King's College London
Exhibitions & Conferences
‘The paradise of the world’: conflict and society in the Caribbean

St Kitts

Engraving depicting a sugar mill showing extracting and boiling of the cane juiceA sugar mill, from: Charles de Rochefort. Histoire naturelle et morale des iles Antilles de l'Amérique. A Roterdam: chez Arnould Leers, 1665 [FCDO Historical Collection]By the end of the third quarter of the eighteenth century St Christopher (St Kitts) was the richest British colony in proportion to its size and was exporting around £400,000 worth of goods annually, almost all of which were sugar or rum.

The island was settled by both the English and French in the early 1620s, and was divided between them by treaty in 1627; the English were allocated the central more fertile portion of the island, with the French receiving the eastern and western extremities.

As on Barbados, the chief export of the early planters was tobacco. However, declining prices led to a focus on other crops, such as indigo and cotton. With its climate and wealth of well-watered fertile land, St Kitts was also ideal for sugar production and this crop was introduced to the English part of the island around 1643.

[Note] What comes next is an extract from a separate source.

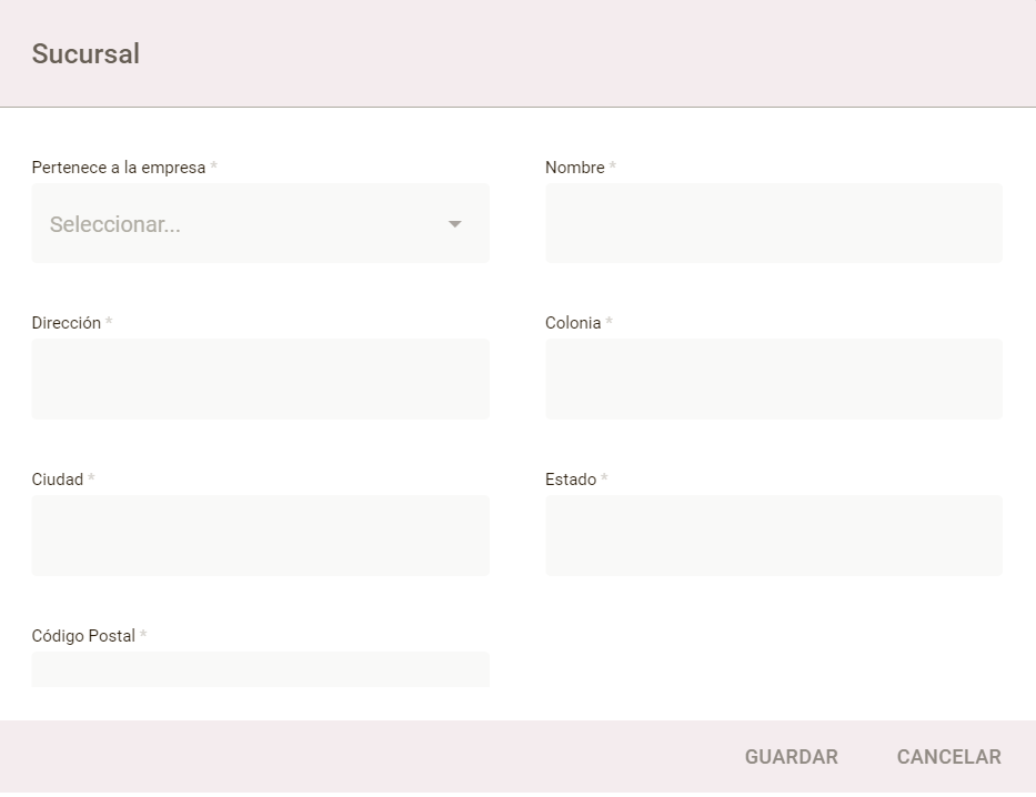 ¿Cómo agrego una sucursal? Para agregar una sucursal se tiene que dirigir al módulo de configuraciones y seleccionar el submódulo de sucursal.Véase en la ilustración: Una vez dentro tenemos que presionar en la opción de agregar (+) se desplegara una ventana con los siguientes campos a completar:Empresa *Nombre *Dirección *Colonia *Ciudad *Estado *Código Postal * Los campos que tienen un * al final son campos obligatorios por llenar sin ellos no se puede insertar el registro.Por último, tendremos que presionar el botón de GUARDAR y se estará insertando con éxito la sucursal nueva. Otras preguntas que te pueden ayudar: ¿Cómo elimino una sucursal? ¿Cómo agrego una nueva empresa? ¿Cómo elimino una empresa? ¿Cómo agrego un nuevo colaborador?

On the French side it was the island’s governor, Phillippe de Longvilliers de Poincy (1583-1660), who pioneered the growing of sugar and who had, according to de Rochefort, three sugar mills on his estate by the mid 1650s.

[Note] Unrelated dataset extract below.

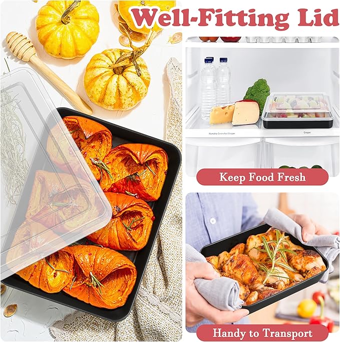 • WELL-BUILT & BAKING EVENLY- Well-rolled edge with good thickness comfortable to hold, Black nonstick coating with flat-bottom design helps with even heat distribution to avoid over brown your cake, Work well for baking small brownies, lasagna, casserole or meatloaf, Idea gift for Housewarming/Thanksgiving/Christmas

Sugar only slowly replaced tobacco as the island’s main cash crop, however. The development of the plantations on St Kitts was hindered by conflict, as the English and French vied for the control of the island; the French seized the English portion of the island in 1666 and again in 1689, destroying many plantations and forcing the inhabitants to flee the island.

However, the peaceful conditions that followed the Treaty of Utrecht (1713), when the French portions of the island were ceded to Britain, encouraged investment and facilitated the rapid expansion of sugar production. Indentured labour had made up much of the workforce on the plantations in the early days of settlement on St Kitts, but as sugar production expanded, the demand for labour could only be met by importing slaves. In 1708 the population of African slaves on the island stood at around 3,200 but by 1734 it was over 17,000, with around 6,500 having been imported in the period 1722-6 alone.

The plate on display depicts one of de Poincy’s sugar mills and the extraction and boiling of the cane juice to produce sugar.